Like many of the other people I spoke to in Latin America, Angela says that a lack of capital is really holding the ecosystem back.

“It’s a big problem,” she told me. “There is money but it’s difficult to catch the interest of an investor. There are plenty of traditional investors…but e-commerce or digital tech companies are quite far from their knowledge or perception and they see it as a very high risk investment.”

In her opinion, this is especially true in the so-called ‘valley of death,’ the time between a startup company’s initial seed funding and when it can generate enough revenue to sustain itself. Here in Mexico, specifically, she noted that accelerator programs and other seed funds have helped improve access to the very initial seed money needed to create a minimum viable product and launch; between this initial investment and the time that the company is generating revenue and needs growth capital of $1 million dollars or more, however, there are almost no options for funding, “unless you know people.”

“It’s a pity that very good projects just die because they run out of money,” she said.

She thinks that aversion to earlier stage investments in tech companies can and will change, however.

“It’s a culture,” she said. “It’s a culture that is gradually growing the last few years thanks to events and to a lot of initiatives that people are doing to promote the ecosystem, but this kind of sensibility or culture is not so strong here [yet].”

She believes that the cultural change and the growth in access to capital must come from the people on the ground in the entrepreneurial ecosystem here, not from government initiatives.

“It’s a matter of entrepreneurs, of people,” she told me.”And of investors; because without money you can’t keep on trying. You could have the best business model but if you don’t have money you can try for 3 months or 6 months and then you have to stop, you have to give up…

…I think that this organic growth can come from both sides:,” she continued. “From entrepreneurs and investors. We have to learn, both sides, we have to learn a lot.”

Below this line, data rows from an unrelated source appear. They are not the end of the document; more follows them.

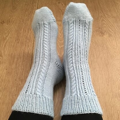 The icy cable socks have a cable and lace panel running down the front of the ankle and foot. The heel and toe are worked seamlessly using short row shaping.
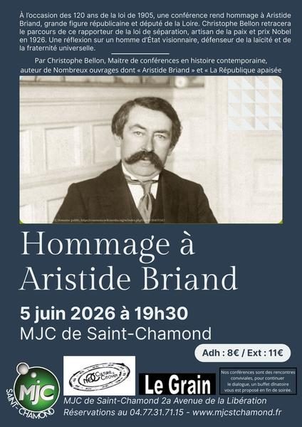 Pour commémorer les 120 ans de la loi de 1905 dite de séparation des Eglises et de l'Etat, nous vous invitons à une soirée hommage à Aristide Briant, grande figure réublicaine, élu député de la Loire en 1902 dans une circionscription comprenant Saint-chamond. Rapporteur de la loi de 1905, onze fois président du Conseil et ministre des Affaires étrangères, il fut co-fondateur de la Société des Nations, ancêtre de l'ONU, et prix Nobel de la Paix en 1926. "Il faut savoir désarmer les esprits pour espérer désarmer les nations", rappelait-il dans son combat pour la paix. M.Christophe Bellon viendra éclairer le parcours de cet homme d'Etat visionnaire qui porta haut les idéaux de justice, de laïcité et de fraternité universelle. Une exposition sur la loi de 1905 sera présentée dans le hall d'accueil de la MJC.
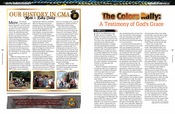 MARK has owned motorcycles and loved riding them since he was 12, so after he was saved and we were married, he started looking for a group of Christian riders. He attended the local chapterβ s meetings, Bikers for Christ, and went to his first Daytona Bike Week, where he met Curtis Clements and Greg Heinritz from CMA National. After that, he applied and became a member in 1987. I joined shortly after, as my first memories are of bringing our youngest daughter to the chapter meetings in her baby carrier, as she was born in April of 1987.
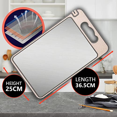❤PREMIUM UND EINFACH ZU SÄUBERN: Schneidebrett Schnittfläche aus lebensmittelechtem Material PP für einen sicheren Lebensmittelkontakt. Die Schwarz Rot Auftauplatte aus ist Aluminium,Beige Auftauen aus ist Edelstahl. das Schneidebrett nach Gebrauch einfach in der Spülmaschine gereinigt werden.
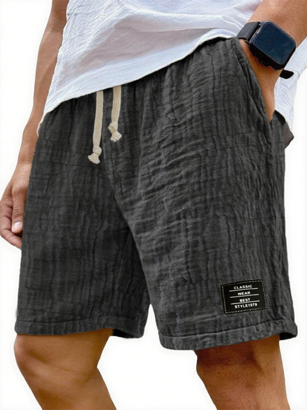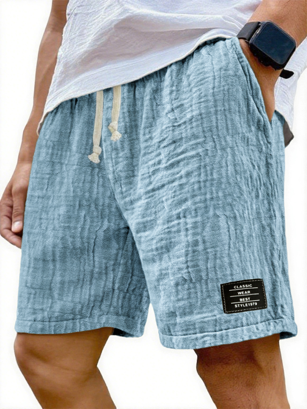 Men's Soft Crinkled Gauze Breathable Holiday Embroidery Lace-up Shorts
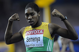South Africa's Caster Semenya celebrates after winning the women's 800-m world championship in 2009
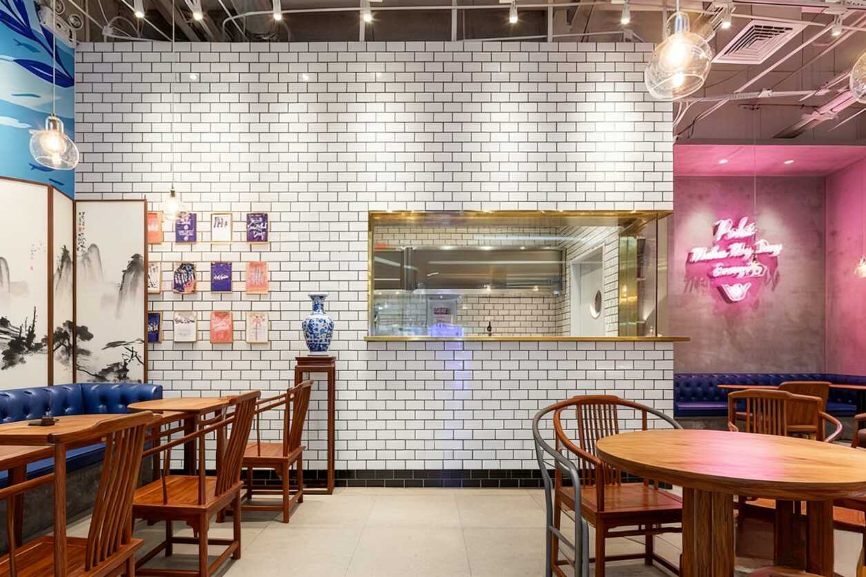 炸裂!這套餐廳軟裝設計用多彩卡片+藍白風,秒變網(wǎng)紅打卡地!

Along those same lines, Angela expressed another common sentiment among the Latin American entrepreneurs with whom I’ve spoken: that the ecosystem needs to see local role models in order to reach its full potential.

“We need to learn  a lot because we don’t have great role models here,” she said. “We are the first doing this. It’s not the same as Silicon Valley.”

So what is Angela’s advice to aspiring entrepreneurs?

“Start your own business when you have personal savings [to fund it] and when you’re more mature in how you utilize your personal resources” she said. “It makes you more serious if you’re trying to figure out the best way to spend your money, focusing only on your priorities and on your core business, and this is very important because it makes you more concentrated. It’s a great thing for entrepreneurs.”